■ WHAT NEEDS TO BE DONE
Exact copies of the lines from the start of the records through the line with "澳門特別行政區政府衛生局羅奕" are what the answer must hold; pictures are not part of it.

■ MATERIAL PROVIDED
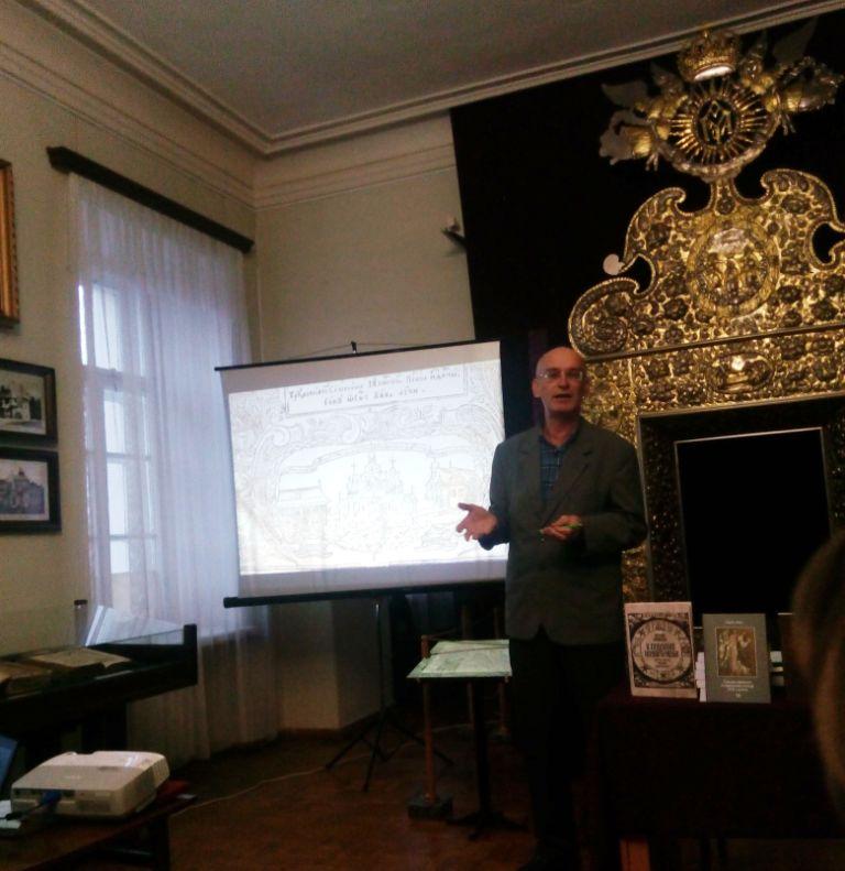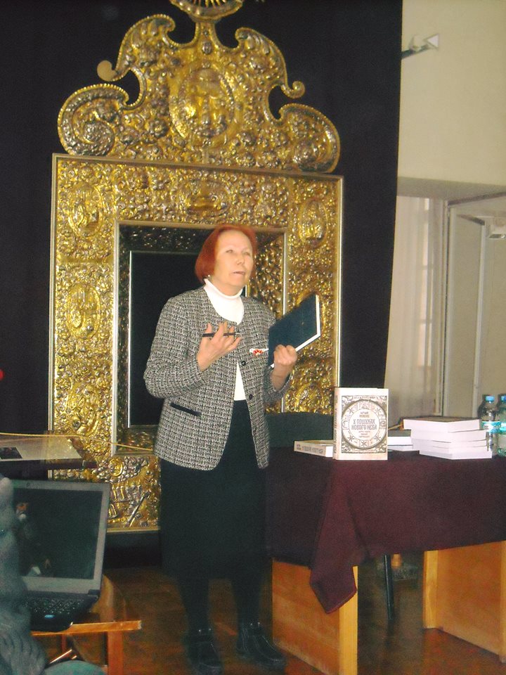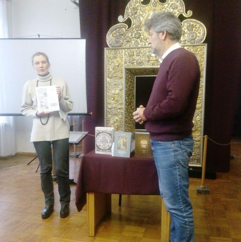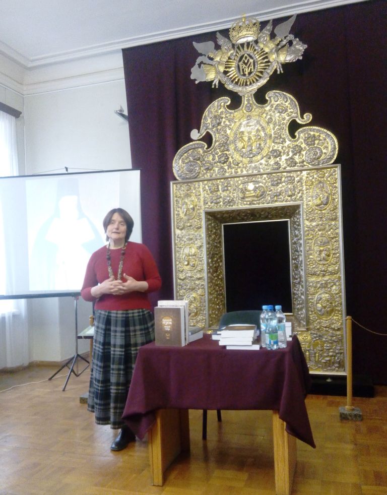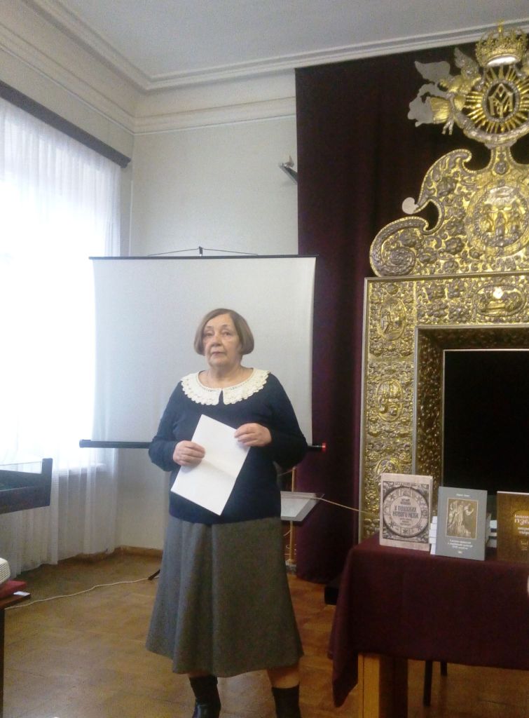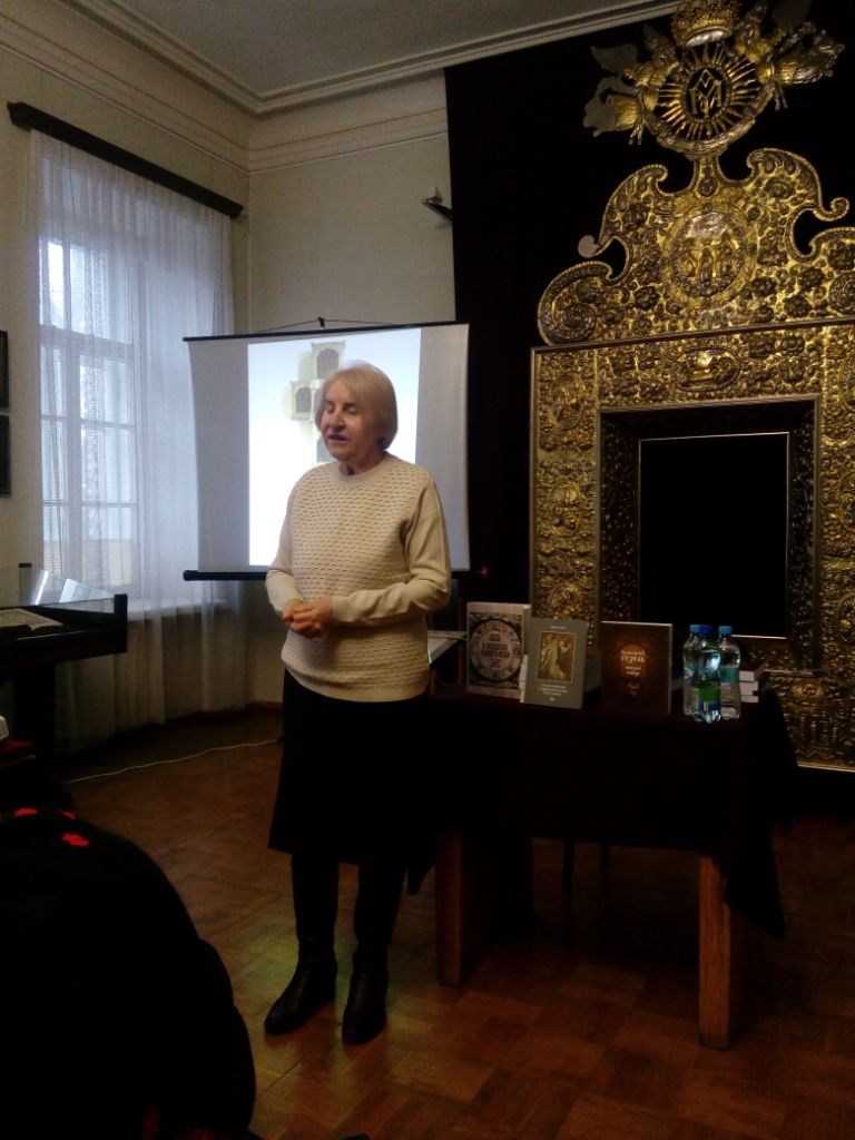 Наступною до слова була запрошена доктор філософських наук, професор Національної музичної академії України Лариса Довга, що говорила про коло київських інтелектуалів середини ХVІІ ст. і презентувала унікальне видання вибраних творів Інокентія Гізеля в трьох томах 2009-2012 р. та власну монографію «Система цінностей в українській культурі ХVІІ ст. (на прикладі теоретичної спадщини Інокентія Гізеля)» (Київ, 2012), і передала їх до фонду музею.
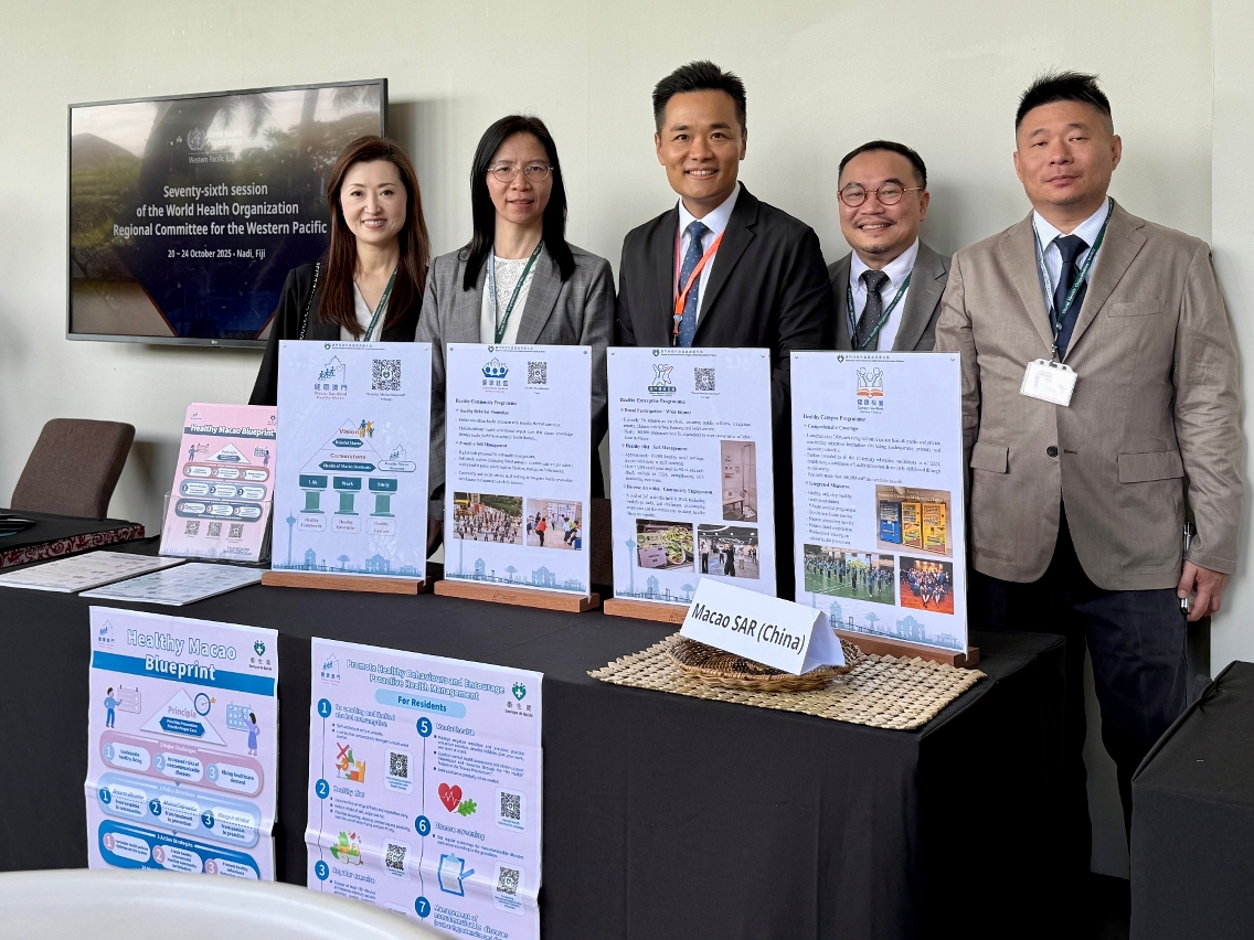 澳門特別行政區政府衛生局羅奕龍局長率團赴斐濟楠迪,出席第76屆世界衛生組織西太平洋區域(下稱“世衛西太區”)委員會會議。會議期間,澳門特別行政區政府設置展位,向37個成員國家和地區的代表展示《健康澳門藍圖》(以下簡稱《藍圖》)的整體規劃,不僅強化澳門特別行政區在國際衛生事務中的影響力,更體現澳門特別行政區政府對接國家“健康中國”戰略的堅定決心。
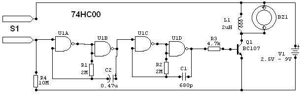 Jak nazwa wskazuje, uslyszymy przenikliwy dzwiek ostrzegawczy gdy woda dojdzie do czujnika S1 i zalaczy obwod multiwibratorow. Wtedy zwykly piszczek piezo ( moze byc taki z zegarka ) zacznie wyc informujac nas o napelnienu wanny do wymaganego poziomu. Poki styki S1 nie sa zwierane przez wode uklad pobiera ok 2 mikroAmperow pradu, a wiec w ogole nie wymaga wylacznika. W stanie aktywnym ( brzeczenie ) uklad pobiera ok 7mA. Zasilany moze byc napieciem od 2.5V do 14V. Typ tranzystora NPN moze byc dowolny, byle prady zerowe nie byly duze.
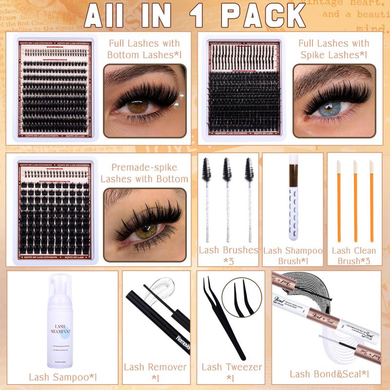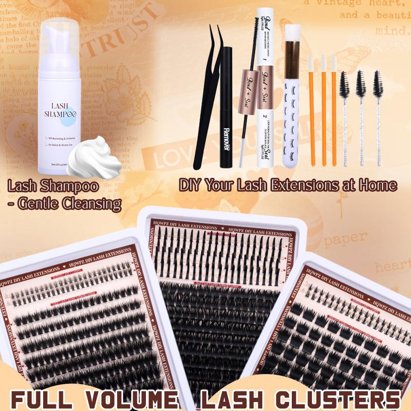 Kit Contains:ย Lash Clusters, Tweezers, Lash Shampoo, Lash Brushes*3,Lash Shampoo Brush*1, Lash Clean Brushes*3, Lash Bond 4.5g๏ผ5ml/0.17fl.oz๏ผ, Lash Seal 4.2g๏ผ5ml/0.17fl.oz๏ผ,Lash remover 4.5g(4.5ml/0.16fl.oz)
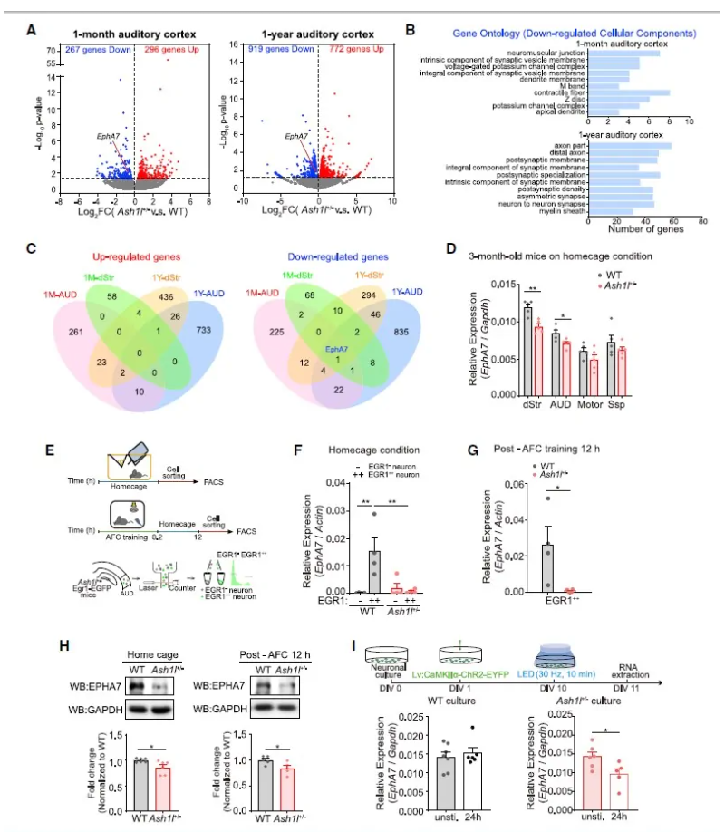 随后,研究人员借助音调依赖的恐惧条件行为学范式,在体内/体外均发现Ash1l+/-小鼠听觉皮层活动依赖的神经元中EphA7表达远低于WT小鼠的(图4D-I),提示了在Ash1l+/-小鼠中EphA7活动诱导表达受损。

■ ANSWER AREA
 Наступною до слова була запрошена доктор філософських наук, професор Національної музичної академії України Лариса Довга, що говорила про коло київських інтелектуалів середини ХVІІ ст. і презентувала унікальне видання вибраних творів Інокентія Гізеля в трьох томах 2009-2012 р. та власну монографію «Система цінностей в українській культурі ХVІІ ст. (на прикладі теоретичної спадщини Інокентія Гізеля)» (Київ, 2012), і передала їх до фонду музею.
 澳門特別行政區政府衛生局羅奕龍局長率團赴斐濟楠迪,出席第76屆世界衛生組織西太平洋區域(下稱“世衛西太區”)委員會會議。會議期間,澳門特別行政區政府設置展位,向37個成員國家和地區的代表展示《健康澳門藍圖》(以下簡稱《藍圖》)的整體規劃,不僅強化澳門特別行政區在國際衛生事務中的影響力,更體現澳門特別行政區政府對接國家“健康中國”戰略的堅定決心。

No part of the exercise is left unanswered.